Vanth has no direct counterpart in Greek mythology, although her depiction as a winged figure has led to comparisons with the Greek Furies, the Erinyes, especially in older publications. This is an unlikely association since she is almost always shown in Etruscan iconography to be a benevolent guide, not an avenging spirit, which the Furies often represent. Her other attributes include the possession of a torch, key, or scroll, and she is shown often to be bare-chested with cross-straps across her breast, adorned with fur boots, a rolled short chiton, and sometimes with unattached sleeves. In fact, her dress has been attributed by Scheffer as specifically that of a huntress.

Vanth is involved in a variety of different types of scenes in Etruscan art; the most common types associate her presence with occasions of slaughter and murder, including scenes from the Trojan cycle. Occasionally she is shown rising up out of the ground in such contexts, as seen on an ash urn from Chiusi. Sometimes she is even shown as a solitary figure decorating the sides of ash urns. Other scenes in which Vanth is present involve the meeting and escort of the dead, in the role of psychopompos, who are either walking or being transported on horseback, wagon, or chariot.

In general, Vanth is associated with death and the journey of the deceased to the Underworld, but in a variety of different ways; she is present in scenes of the moment of death as well in scenes where the deceased is already fully dead and journeying to the Underworld. She is depicted as a benevolent psychopompian figure, in contrast to the menacing Charun, her occasional companion. She may even take an active role in protecting heroic figures from harm, as in an urn painting where Vanth is shown shielding Odysseus from rocks hurled by Polyphemus.
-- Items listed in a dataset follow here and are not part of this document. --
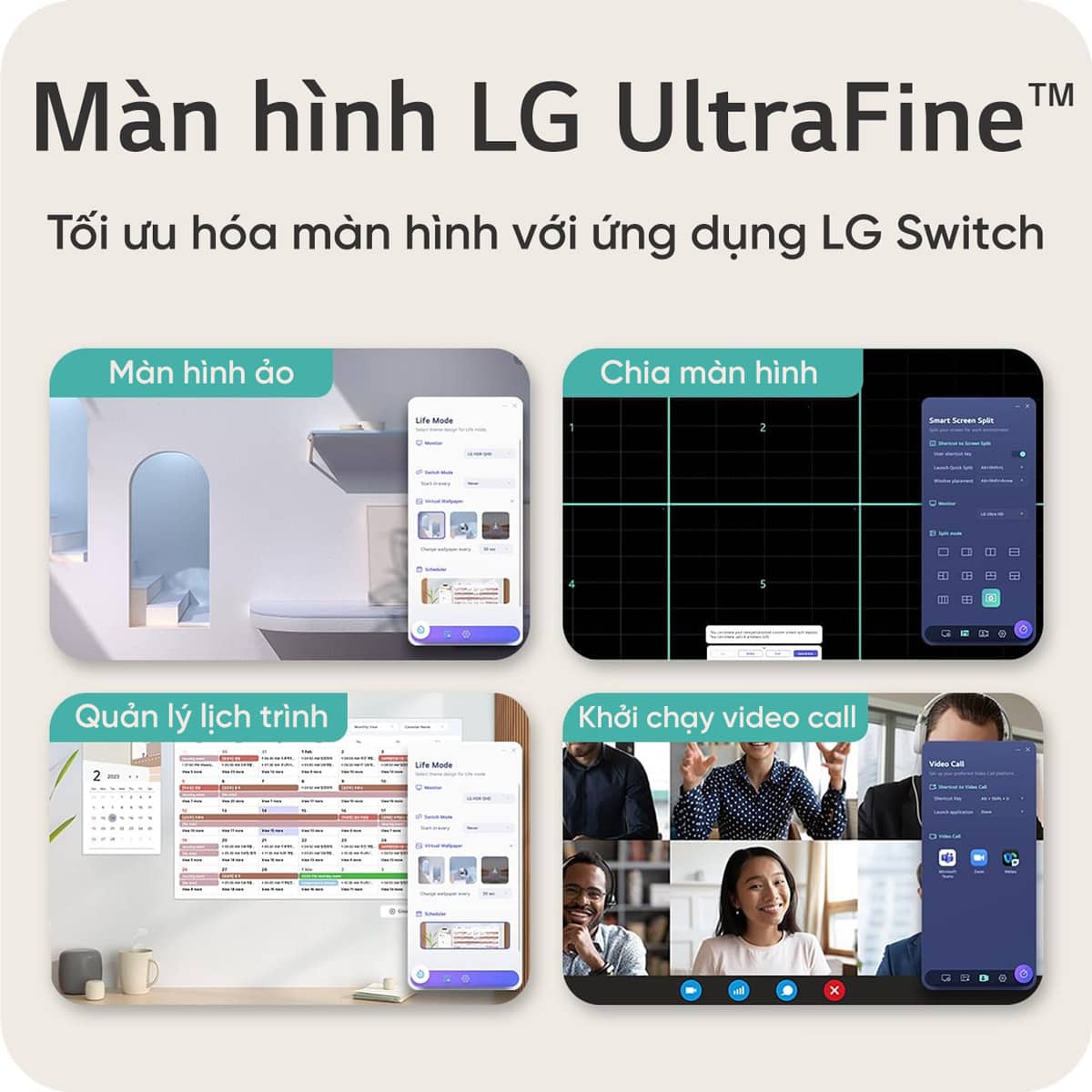 Một trong những điểm nổi bật của màn hình LG UltraFine 27US500-W là tính năng LG Switch độc đáo. Tính năng này cho phép người dùng dễ dàng chuyển đổi giữa các thiết bị đầu vào khác nhau như máy tính, laptop hay các thiết bị di động chỉ với một cú nhấp chuột. Nhờ đó, bạn có thể làm việc đa nhiệm một cách hiệu quả hơn, tăng cường năng suất làm việc.
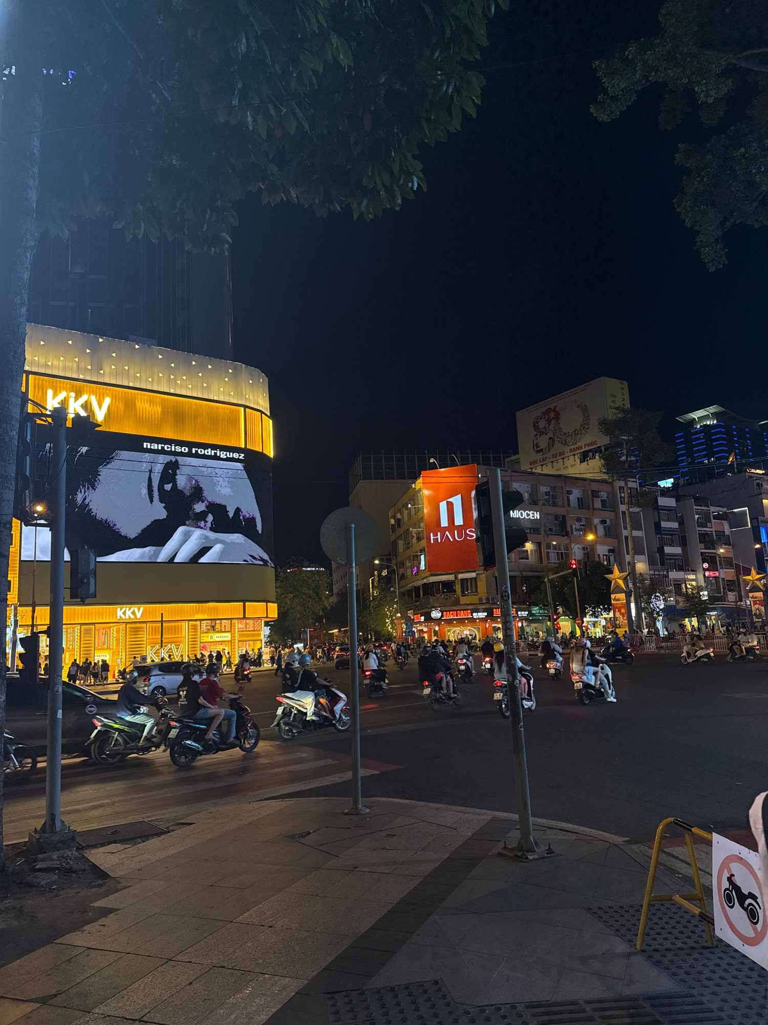 At night, the city street of Thủ Đức, Vietnam, is seen from an elevated perspective. A large building is illuminated with an advertisement for Narciso Rodriguez and the company KKV. Other businesses, including MIOCEN, HAUS, and BACH DANG are visible. Many scooters are parked along the street. A tree is on the left. A sign with a symbol of a scooter with a line through it, indicating the prohibition of scooters in a certain area, is in the foreground. A sidewalk and some buildings can be seen on the far right. | Open Wire
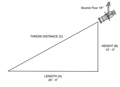 Diagram showing throw distance, mounting height and stage length for a 19-degree spotlight.
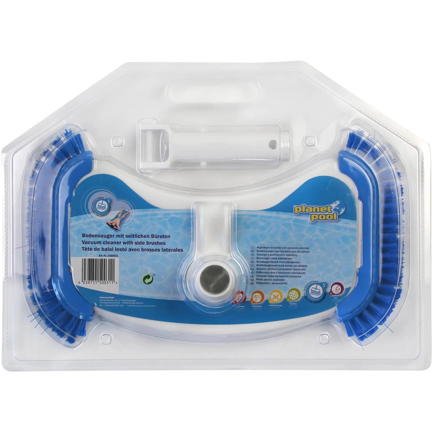 Der Bodensauger von der Marke Planet Pool mit seitlichen Bürsten zur Poolreinigung. Für 32 mm und 38 mm Schwimmbadschlauch geeignet. Passend mit allen handelsüblichen Teleskopstangen mit 32 mm Durchmesser.
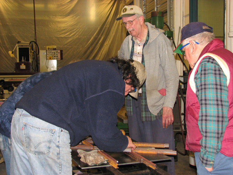 Rick is using a file to remove any burrs on the end of the rail after milling. Rick and Frank checking the fit of the guard rail as Dick and Lew watch. |
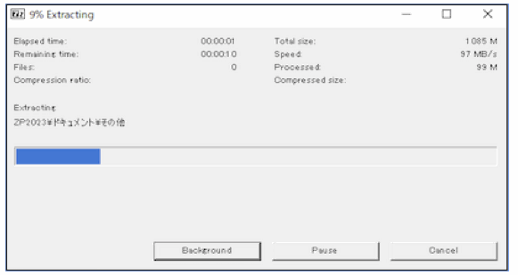 後、圧縮ファイル解凍の進捗状況を示す下図のウィンドウが表示され、解凍が完了すると、このウィンドウは自動的に閉じます
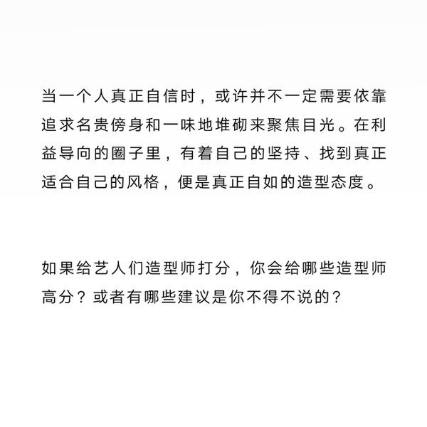 时装造型师X:其实一整个造型下来,很大决定权在于明星本人是否喜欢接受。造型师其实是给到挑选的空间,再卑微地给一点点建议罢了。如果是拍品牌广告的话,那决定权就不在艺人身上,通常还是品牌话语权更大。
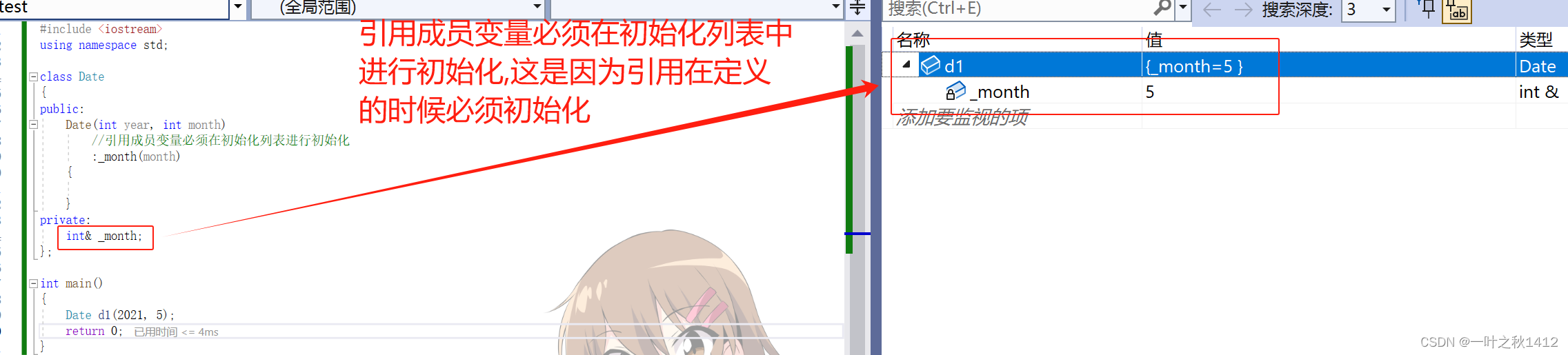 //引用成员变量必须在初始化列表进行初始化
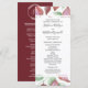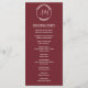 Estes programas de casamento apresentam um design de folha de aquarela moderna com folhagem de burgundy e verde. Há um monograma atrás. A frente do cartão tem a cerimônia e a parte traseira do cartão lista a festa noiva. Estes programas de casamento fazem parte de uma coleção que inclui uma série de artigos de casamento correspondentes. Visite nossa loja ou veja nossas páginas de coleta para ver o intervalo de cheios.
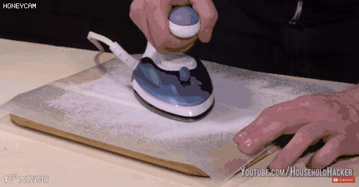 然后用熨斗开蒸汽不断摩擦
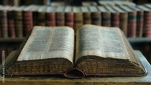 Obraz premium Open Antique Book in Library
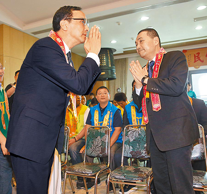 朱立倫(左)與侯友宜(右)至土城慈法禪寺參加浴佛節(jié),兩人先后到場(chǎng)短暫寒暄。針對(duì)賴清德批韓國(guó)瑜提出的自貿(mào)區(qū)說帖,朱立倫反諷,“賴‘院長(zhǎng)’記憶不太好”,賴清德?lián)闻_(tái)南市長(zhǎng)就已經(jīng)在談自經(jīng)區(qū)。(圖片來源:臺(tái)灣“中時(shí)電子報(bào)”)
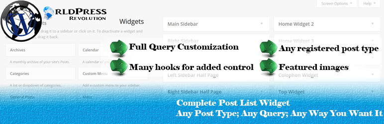 With the general posts widget, you can place a list of posts into your widget areas based on any query parameters available in WP_QUERY. You can generate the latest posts, popular posts (given you have some method of tracking post hits), post types, filter by category or other taxonomy, filter by post meta, etc… If it’s available in WP_QUERY it’s available to you in the widget. If there are customizations that the interface does not allow for, there are a number of hooks that allow you to edit and control pretty much any part of the widget from adjusting the query to adjusting the output.

The materials that Vanth is identified as carrying, which include a torch, key, scroll, or sword, also relate to her role as a guide in the Underworld. The torch can be used to light the way for travellers to the Underworld, although some scholars interpret it as a status symbol or as an indication of office, and the key unlocks its doorway. Additionally, the scroll may reveal more about Vanth, as one instance actually displays her name inside, vanθ. Vanth has been interpreted as a goddess of fate, and using this association, the scroll may contain the destiny of the deceased. However, in total, Vanth is depicted as a young, vibrant female chthonic figure, sometimes in the company of other Vanths, and sometimes with Charun; she is a figure who assists with the journey of the deceased to the underworld.

== Etruscan chthonic figures ==
Other Etruscan chthonic (or underworld) figures include Charun, Calu, Phersipnai, Turms, Aita, and Culsu.